Литмир - Электронная Библиотека

—Ты ослабляешь впечатление от рассказа таким нанизыванием причин и следствий, — заметил Вальдемар Штрунк. — Предполагаемая тайна обретает у тебя в сознании вид грандиозной строительной конструкции.

— Здесь в каюте горит свет, — возразил Густав, — да и дышится иначе, чем в непосредственной близости от киля, над водными безднами... Но я хочу, что бы ты об этом ни думал, довести свой рассказ до конца. Так вот, тот человек — мужчина, суперкарго — принялся шарить лучом по помещению, поскольку в неприметном закутке между бухтами троса ничего не нашел. Если какая-то тень казалась ему подозрительной, суперкарго подходил и проверял, что там такое. Обнаружив в конце концов пшик вместо слепого пассажира, о котором ему доложили или о чьем присутствии он сам догадался (может, подслушав наши разговоры из пресловутого центра), то есть найдя вместо человека лишь безобидные предметы и прозрачный воздух, суперкарго вновь воспользовался трапом и поднялся наверх. Я же остался лежать, где лежал, — весьма удовлетворенный, но и весьма озабоченный новыми мыслями.

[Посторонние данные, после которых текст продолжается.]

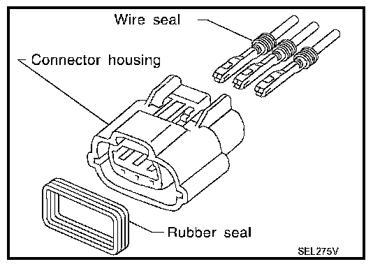 - The rubber seal may come off when connectors are disconnected. Whenever connectors are reconnected, make sure the rubber seal is properly installed on either side of male or female connector.
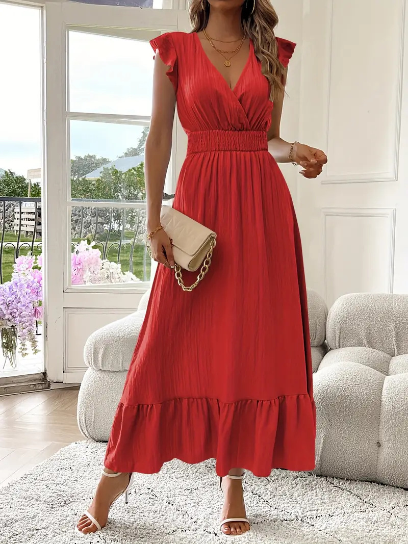 Women's Casual Versatile V-neck Short-sleeve Maxi Dress

— Это ведь не первый странный случай на нашем корабле, — сказала дочь капитана.

— Значит, ты остался лежать, где лежал... — повторил Вальдемар Штрунк. До сих пор он стоял, опираясь на правую ногу, но теперь перенес вес тела на левую.

— Когда луч света в третий раз пронизал мою тьму, то была Эллена. Я тотчас окликнул ее, выполз из убежища. Она сказала, мы уже в открытом море. Мы поспешили в ее каюту, и я рассказал ей то, что только что услышал и ты.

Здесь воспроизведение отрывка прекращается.